Pertanyaan-pertanyaan itu datang seperti gerimis tipis yang pelan-pelan meresap ke dalam keyakinan. Bikin ragu, bikin lelah, kadang bikin ingin berhenti.
Tapi justru di titik-titik seperti itu, kita diuji.
Apakah kita masih mau menulis walau tak selalu dipuji?
Apakah kita tetap belajar meski tak selalu diapresiasi?
Kalau jawabannya masih iya, meski pelan, meski gemetar, maka kamu bukan sekedar penulis. Kamu pejuang narasi. Orang yang memilih bertahan meski jalannya sepi, yang tetap menyalakan lilin kecil di tengah gelapnya keraguan.
Menulis itu jalan sunyi, tapi bukan jalan sia-sia. Karena di sana, kamu tidak hanya sedang menciptakan cerita. Kamu sedang menjaga warisan berpikir. Menyusun jejak yang suatu hari bisa menjadi penuntun bagi orang lain.
Dan meski tak semua orang mengerti, kamu tahu: setiap huruf yang kamu tulis adalah bentuk perlawanan terhadap dunia yang terlalu cepat lupa.
Menulis Adalah Perlawanan Halus Melawan Lupa
Di era yang serba cepat, saat notifikasi datang lebih dulu daripada niat, orang-orang jadi mudah lupa.
Lupa sejarah.
Lupa nilai.
Lupa bagaimana rasanya benar-benar berpikir.
Segalanya berjalan dalam ritme instan scroll, like, skip.

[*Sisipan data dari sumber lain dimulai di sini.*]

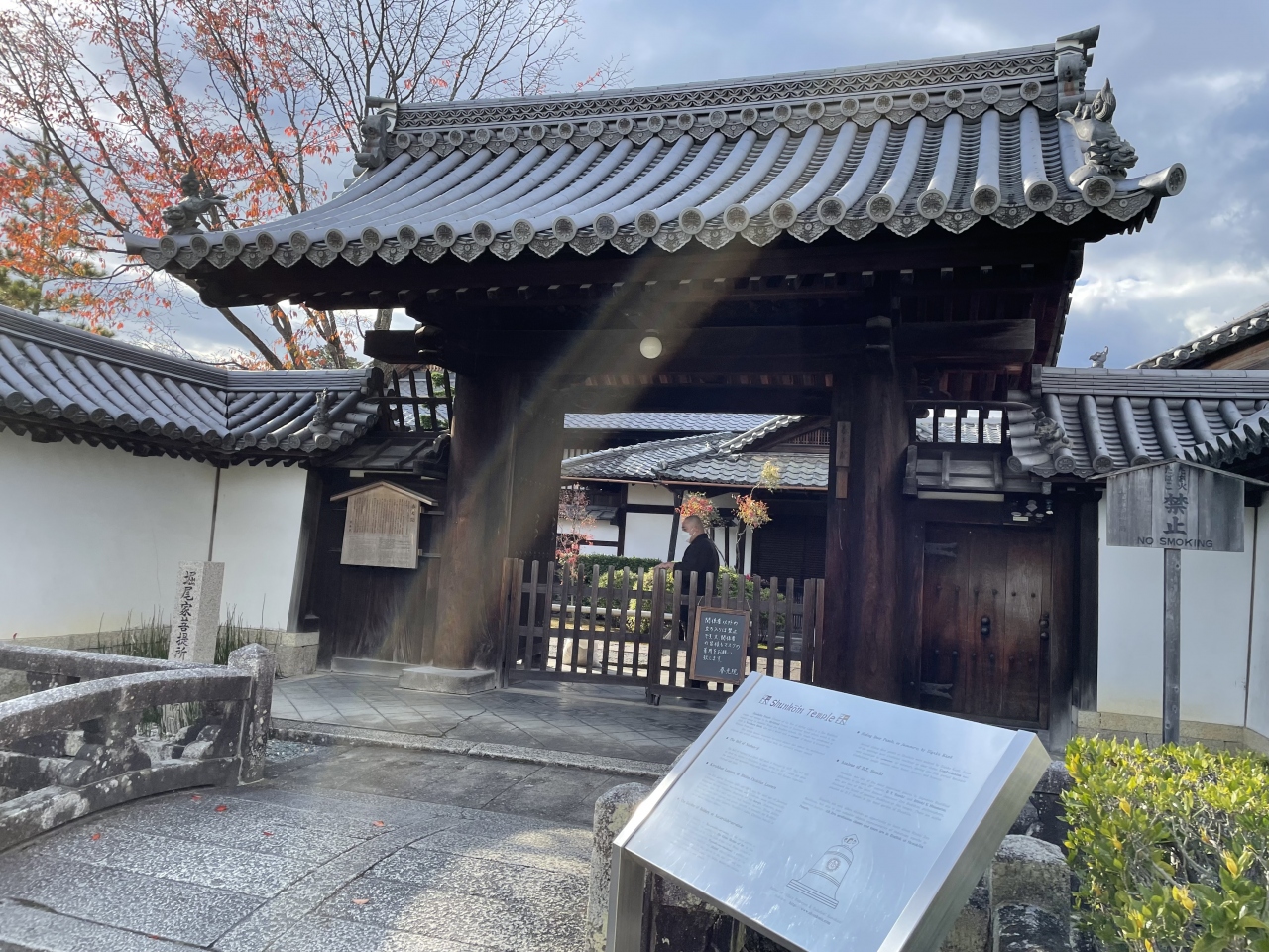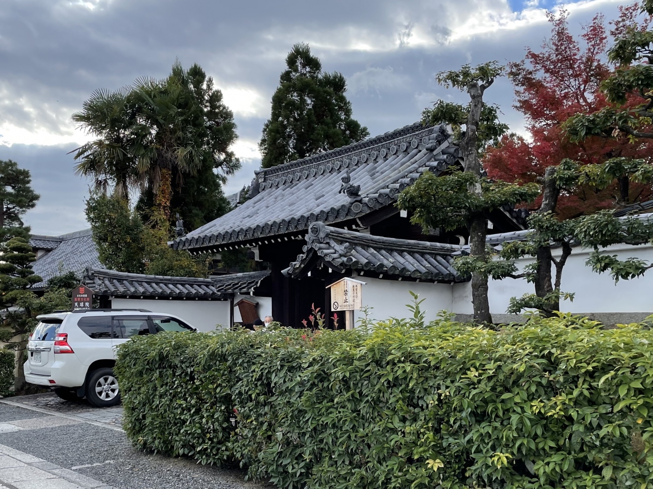 妙心寺の塔頭寺院の一つで、北門からすぐのところにあります。1597年に戦国武将稲葉一鉄の菩提を弔うため、息子の貞通が開創したお寺です。非公開でしたが、門横の扉が開いていたので良く手入れされた庭園を見ることが出来、紅葉した木々が綺麗でした。

Informasi datang silih berganti, tapi jarang tinggal lama di kepala. Di tengah hiruk-pikuk ini, menulis adalah bentuk perlawanan yang sunyi namun dalam. Perlawanan terhadap lupa.
Lewat tulisan, kita menyuarakan hal-hal yang sebenarnya penting, tapi terlalu sering tersisih. Kita mengangkat cerita-cerita kecil yang tak pernah masuk berita, tapi menyimpan makna. Kita memelihara akal sehat di tengah dunia yang makin gaduh oleh opini tanpa isi. Kita menjaga empati saat empati sendiri mulai dianggap beban.
Menulis adalah cara kita bilang: "Ini penting. Tolong jangan lupakan."
Kita merekam jejak zaman, bukan hanya peristiwa, tapi juga perasaan. Kita mencatat bukan cuma apa yang terjadi, tapi juga bagaimana manusia mengalaminya. Dan dari situ, tulisan menjadi lebih dari sekedar rangkaian kata. Ia jadi pengingat, penanda, penjaga.